The majority of poker players in the world don't bluff. Bluffing makes many people too uncomfortable.

Point is, you can ALWAYS afford to fold a hand in poker. Always.

What you can't afford is calling a couple of big bluffs that weren't.

Live to play another hand. Always. You can make plenty of dinero on YOUR winning hands and successful bluffs. You dont' need to blow it trying to call someone elses

By learning how to bluff successfully, you are in the top 1/10 of 1% of poker players. You wouldn't be reading this blog if you weren't committed to playing GREAT poker.

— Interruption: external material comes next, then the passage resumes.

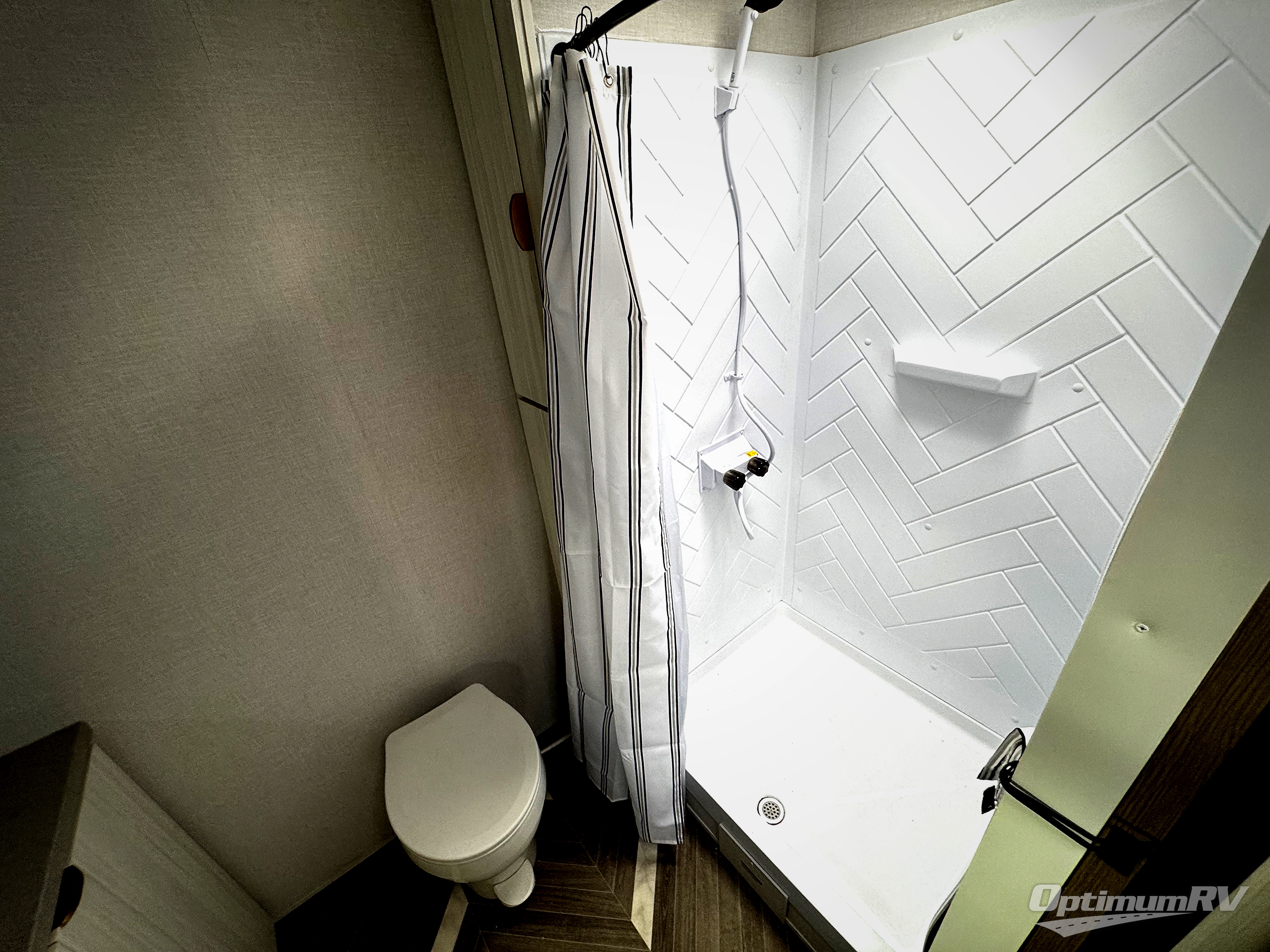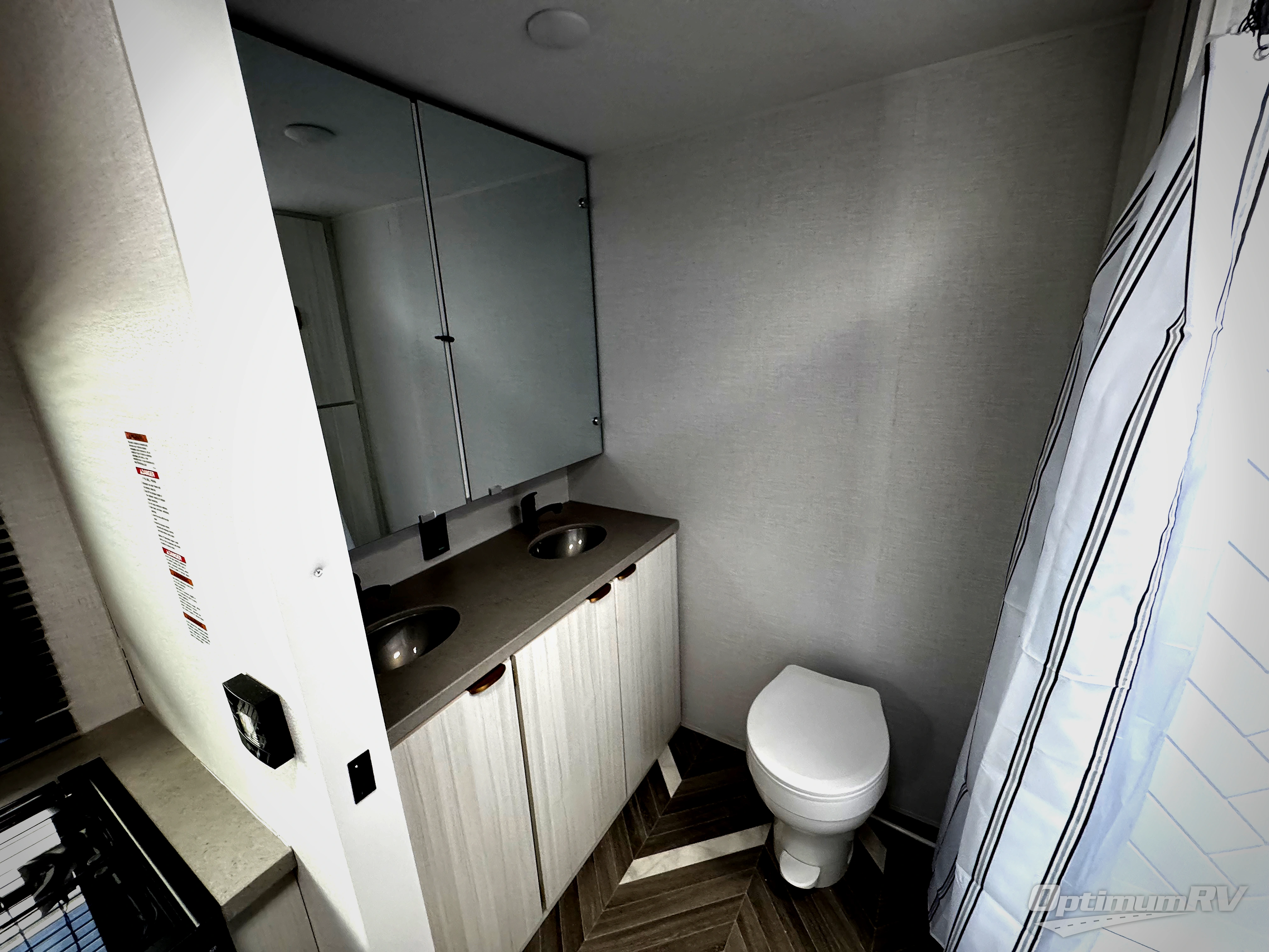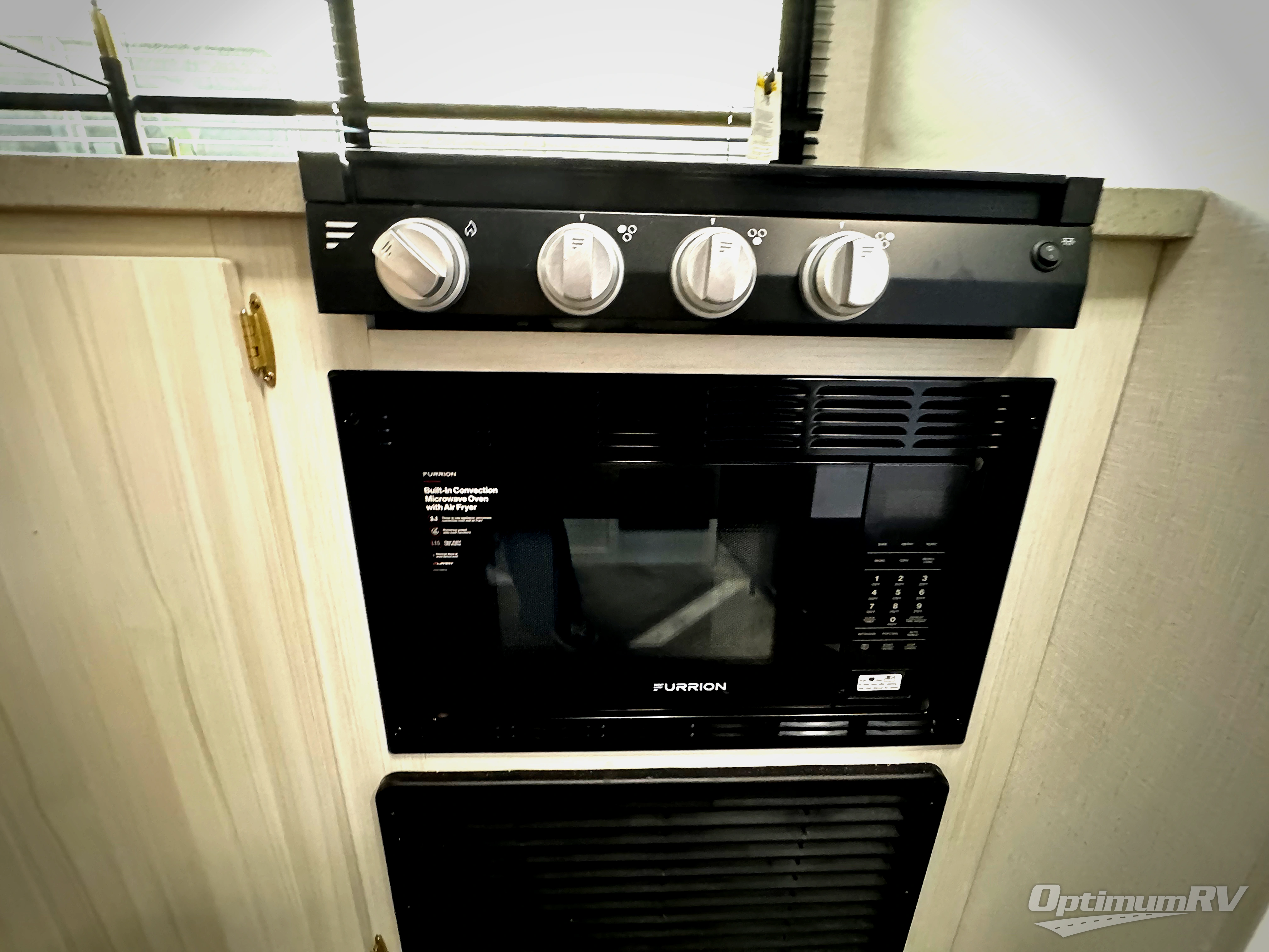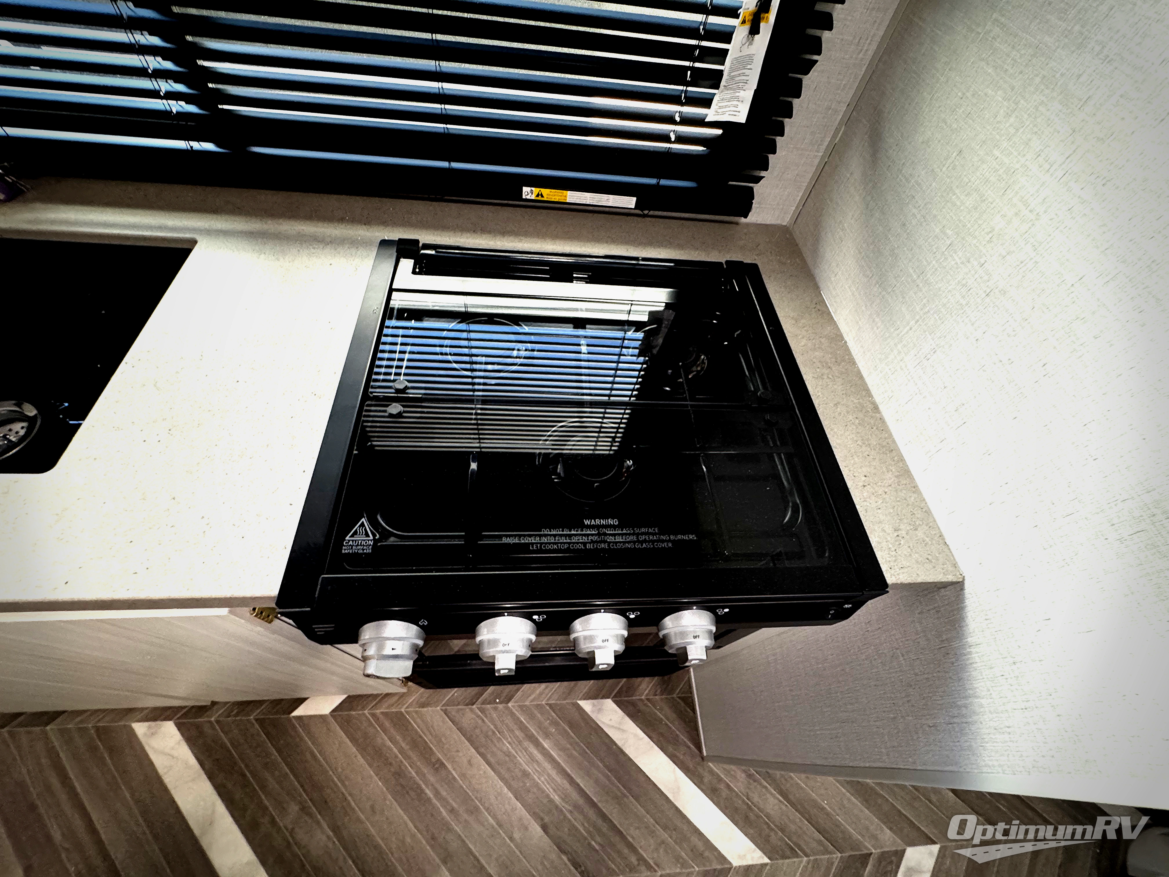 Escape the city life for weekends at the campground in this travel trailer for four. You will be pleased to find a king bed in the front private bedroom, along with dual bedroom wardrobes to keep your clothes tidy. The full rear bath includes dual bath sinks so you both can get ready at the same time, and there is a shower with a linen closet to keep clean towels close by. Your crew can relax on the L-shaped open lounge and removable table, and the chef of your group can keep themselves busy in the kitchen. There is a 3-in-1 cooktop with a convection oven, a pantry and 12V refrigerator for food storage.

So don't keep making the stupid mistake of trying to either A) get rich or B) teach them a lesson by calling other bluffers.

Play your own game.

Setting the Stage

Most bluffing in low-stakes games is done after the flop, or turn.

To make a bluff thrown in at the river credible, you have to have ALREADY set the stage. The hand you're pretending to possess must have either improved, based on the river card, or grown in value because the river was of no use to your opponent.

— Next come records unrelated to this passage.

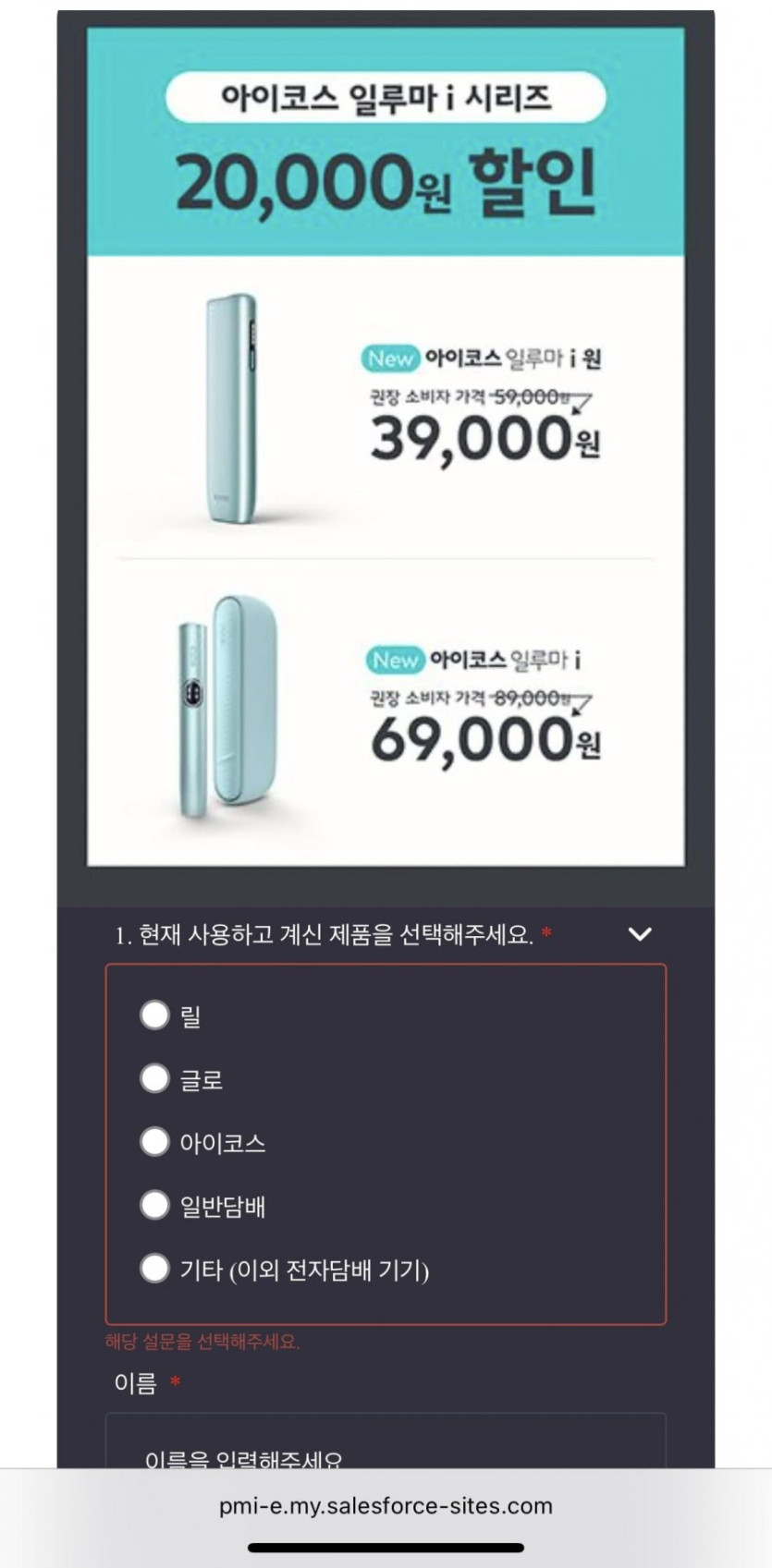 아이코스 일루마 i 원 신제품 39,000원에 CU에서 할인 행사중입니다.
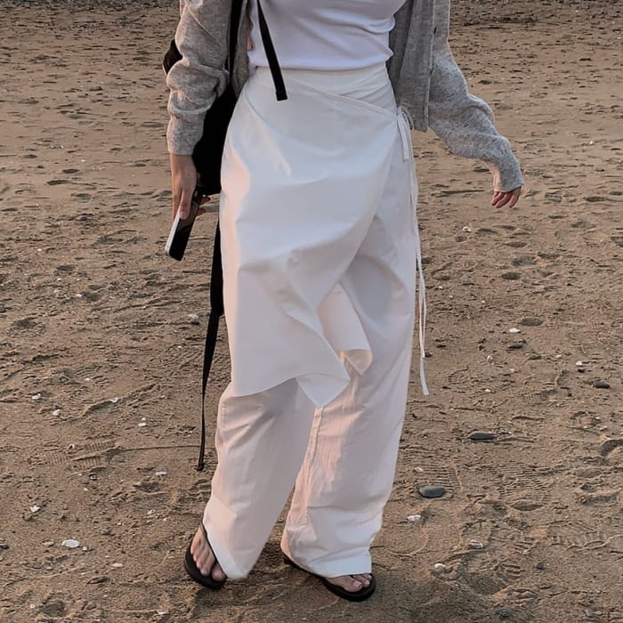 High Waistline Plain Wrap Skirt Loose Straight Leg Pants
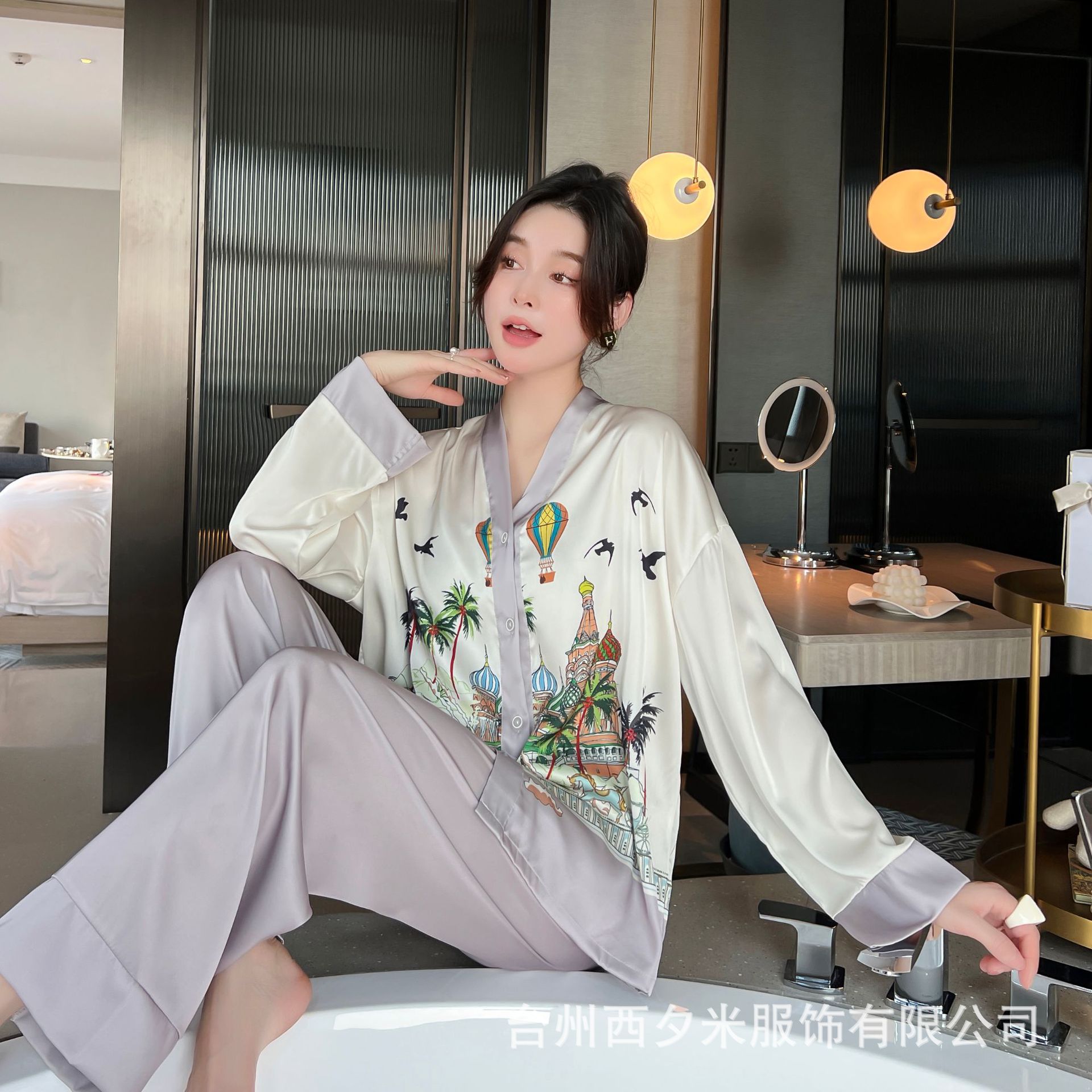 봄과 가을 아이스 실크 잠옷 여성용 인터넷 인기있는 긴팔 느슨한 서양 스타일 연령을 줄이는 실크 여름 의류

You must have bet at the turn AS IF you already had the hand you are NOW pretending to bet.

Kapeesh? Read it again.

Your betting at the River must be consistent with your "pretend" hand seconds before.

If it isn't, it screams "I'm BLUFFING!"

How often is this practical.

Not very.

Sometimes you may be in a semi-bluff situation, and go for the bluff on the river, having already raised on the turn, but not gotten your card.

Some players have great memories. They'll remember if you raised pre-flop, and again, mentally determine if that's consistent with how you're betting now. If there's nothing but royalty on the table and suddenly you're betting big after the river, they're gonna go, "Unh Uh!"

How many of your bluffs are going to succeed?

40-60%, depending on how smoothly you pull them off, and just pure luck.

Assuming you properly set the stage.

Who Ya Gonna Call?

The real title of this post should be "Who's gonna call YOU?"

Obviously, the guy who HAS the CARDS to win is gonna call you if you try bluffing on a scare hand -- a hand where a full, flush, or other juicy hand is clearly "visible" on the table.

Somebody who has SOMETHING, even just a small pair, and SUSPECTS YOU'RE BLUFFING is going to call you even if you go "all-in".

If you're not careful, they may even re-raise you!

Calling a bluffer becomes a matter of principle for many players long after they've abandoned any economic reason or common sense. I

n their mind, bluffing is akin to cheating! You know better. You deserve to win whether you were dealt the winning cards or not!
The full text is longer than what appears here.